What do your non-shooting friends think about the possibility of you taking part at the Olympic Games?
They think it’s really good and they all want tickets to come and watch me, even though half of them have no idea about shooting and aren’t really that interested they are still keen to support me, which is really nice!
I find that shooting takes up a lot of time and puts a strain on friendships. Through the Institute of Sport I use the gym three times a week and what with competing and travelling abroad and all the practice and training, it has been difficult, especially with all my school work recently, to be able to see much of my friends at all, but they do understand.

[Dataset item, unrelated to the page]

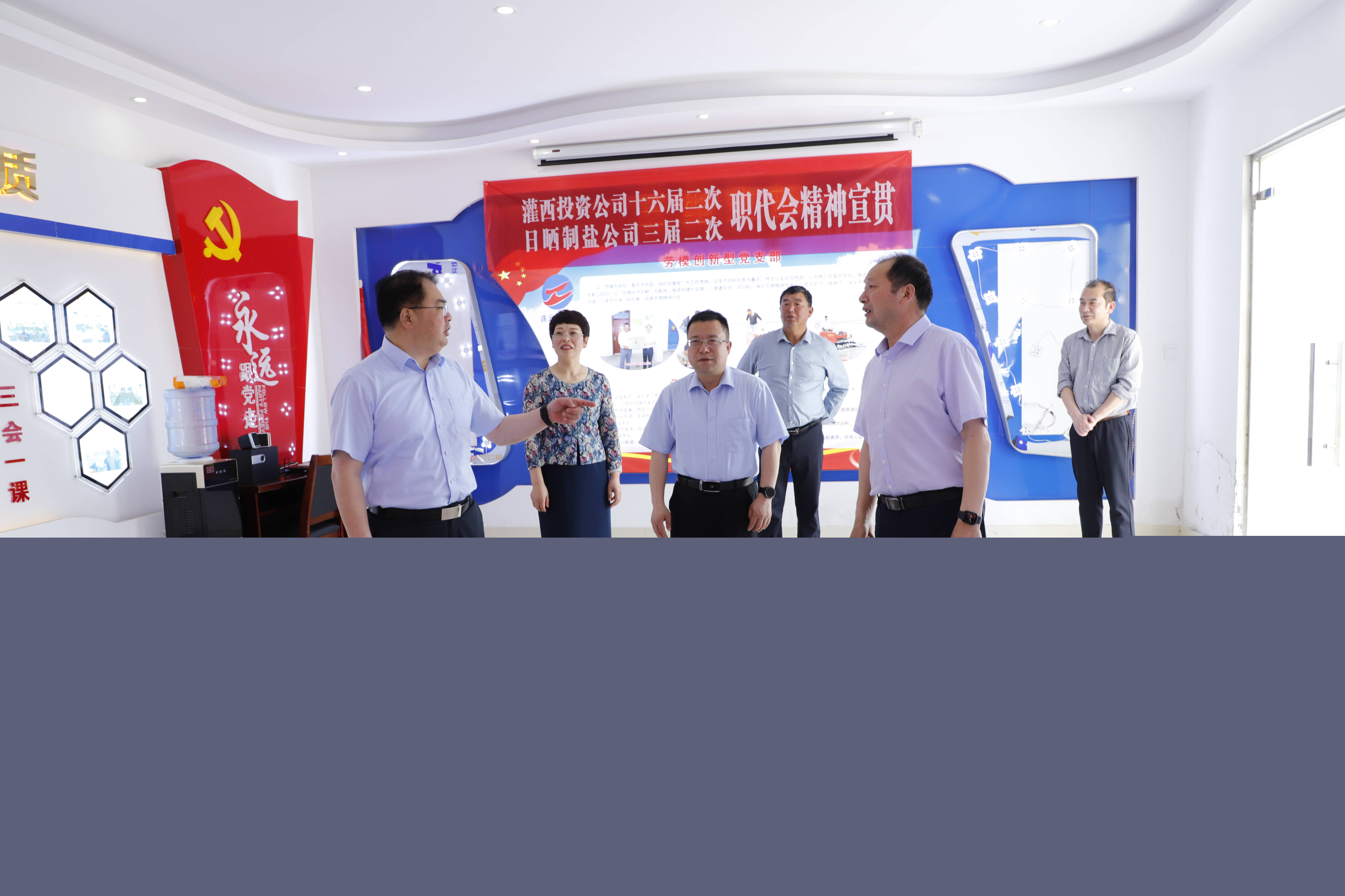 戴鴻鳴書記一行分別到日曬制鹽新河分公司八班的扒鹽現(xiàn)場、零班的班組活動室、新河分公司黨建活動室和安樹林勞模創(chuàng)新工作室實地調(diào)研,對黨建陣地建設(shè)提出指導(dǎo)意見,他指出,基層一線的陣地建設(shè)是企業(yè)文化建設(shè)的重要組成部分,是公司的形象窗口,陣地建設(shè)要因地制宜,打造特色,要進(jìn)一步完善設(shè)計方案,盡快把活動室高標(biāo)準(zhǔn)高質(zhì)量建起來。

How will you deal with these distractions at the Olympics?
Well that’s where the distractions might help and keep my mind off other competitors and what they are scoring and then I know I can blot it all out when I’m on my peg ready to shoot.
So do you think women are as capable as men in the sport?

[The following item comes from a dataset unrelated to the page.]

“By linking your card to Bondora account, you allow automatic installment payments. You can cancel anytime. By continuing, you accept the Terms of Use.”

Oh yes definitely; the trouble is men shoot more in competitions; their score is out of 125. We only get to shoot 75 so the men have better all round scores.
What would you say is your strength?
I can blank everything out and just concentrate on what I’m doing.
What is your weakness?
I’m probably too nosey, well easily distracted – if someone was cheering or shouting on the next range I would probably want to know what about and why!
If you could give any advice to other shooters hoping to follow in your footsteps what would it be?
Don’t give up! Shooting is one of those sports where you can have an absolutely awful day and then it’ll be okay the next day!
It goes without saying that fellow shooters will be wishing you luck if you make it to the Olympics next year – do you have a lucky charm or do you think luck is more about the conditions?
I do like wearing my charm bracelet, but living in Scotland I’ve had to shoot in some pretty bad weather conditions, so I would probably be hoping that it was blowing a gale when I had to shoot!
An Olympic medal is an achievement beyond most people’s dreams, imagine that ribbon and medal being placed over your head now – how do you feel?
I can’t describe the feelings it stirs up but I won’t really know for sure ‘till it happens.
Do you have any other goals apart from the Olympic Games?
Last year I won the Europeans as a Junior, while I’m still a Junior – the cut off is 21 – I would like to win another European and a World title.
So watch this space and we look forward to following Sian’s developing form over the coming year and wish her all the best with her goals in Olympic Skeet.